There was a few seconds of silence in the message. She was trying to summon up the strength to end the recording.
"Goodbye, Ax." she said as the message ended.
Slumped against the wall of some ammo shop, in the middle of the night, with rain falling all around him as hot tears stung his cheeks, he looked nothing like the hero he once was. He sobbed once, then wiped his eyes. He swallowed, fighting back the urge to weep. But her last words to him had brought back some strange memory that he'd long since forgotten.
Sirens never die, he heard again in his mind.
He remembered those same words from his childhood back on Hieronymous, from a story that parents told to get excited children to go to sleep. A story about a Siren queen who used an Eridian device to come back from the dead. He hadn't thought about it in years. But...he'd seen enough insanity in the galaxy. Extradimensional monsters, ancient godlike alien civilizations...compared to sealing away things like the Destroyer, coming back from the dead would be easy. He put away his Echo, wiping his face off and stepping out into the rain.
He would bring her back. He had to.
The next morning, the security guard at Altan IV spaceport stared at Axton, his jaw dropped and arms limp as his side.
"Holy shit! You...you're Axton! You killed Handsome Jack!" the guard said.
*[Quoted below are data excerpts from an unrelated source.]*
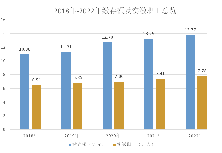 (一)制度覆蓋面擴(kuò)大,繳存額穩(wěn)步增長。2022年,中心克服疫情影響,堅(jiān)持強(qiáng)化政策宣傳,以非公企業(yè)為重點(diǎn)開展“政策進(jìn)萬家”活動(dòng),通過實(shí)施源頭引領(lǐng)建制、宣傳助推建制、信用促進(jìn)建制、執(zhí)法保障建制等工作機(jī)制,督促不繳欠繳單位履行繳存義務(wù),有力維護(hù)職工合法權(quán)益,歸集額持續(xù)增長。《年報(bào)》披露:2022年,全市實(shí)繳單位2140家,實(shí)繳職工7.78萬人,當(dāng)年繳存額由2018年的10.98億元增長至2022年的13.77億元,五年累計(jì)增幅25.41%。2022年末繳存總額123.96億元,比上年末增加12.49%;繳存余額58.33億元,同比增長7.48%。繳存額逐年遞增,實(shí)現(xiàn)近五年來最好成績。
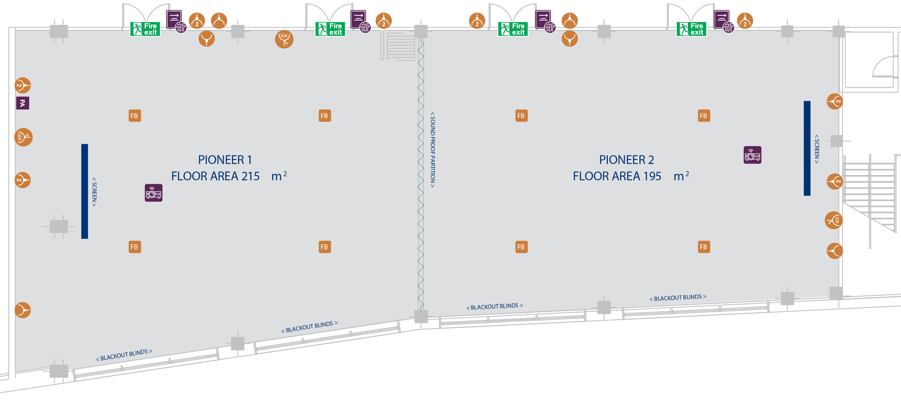 - Dividable wall into Pioneer 1 & 2
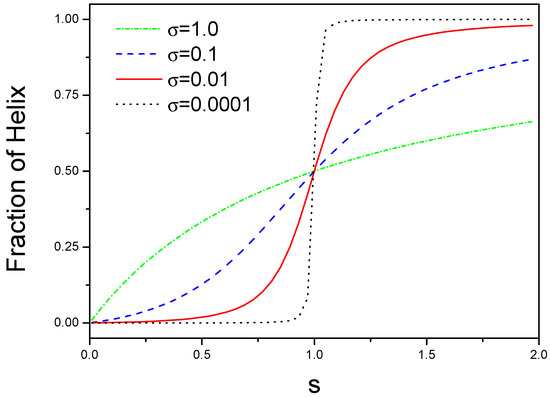 We plot as a function of s for different as shown in Figure 1. There are two limitation cases for -value. For small , a sudden transition can occur for a narrow range of s, this is a helix-coil structural transition. For large , there is a non-cooperative behavior because is equal to for .
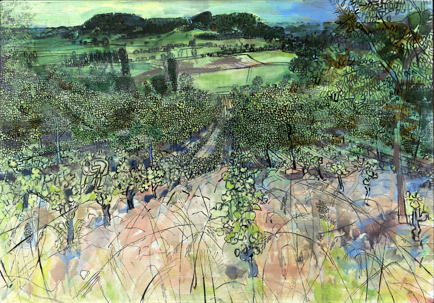 In 1955 Gross bought a house at Le Boulvé, a small village in hill country, some 60 kilometres north of Montauban. When he retired from The Slade he spent the months from May until October each year painting at Le Boulvé, making oils and watercolours, seven days a week, always painting directly from nature. Subjects and locations were carefully considered, decided in advance, and Gross often returned to a place to do further work on a painting.
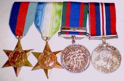 1939-45 Star, Atlantic Star, Canadian Volunteer Service Medal with Clasp, War Medal 1939-45

Axton looked at him and smiled.
"Yeah. I did." he said. "Got any old ships I can borrow? I need to go somewhere. Got an old friend I need to see." Axton replied.
Twenty minutes later, Axton the Commando, Hero of Pandora, blasted out of the spaceport's holding garage, admiring himself in the reflection of the ship's window, his hands on the controls and a Dahl assault rifle at his side. He ran a hand over his clean-shaven face, smiling as he passed a blue nebula. He could almost see her in it, smiling back at him.
"I'm comin' for ya, gorgeous. See you soon." he said to himself.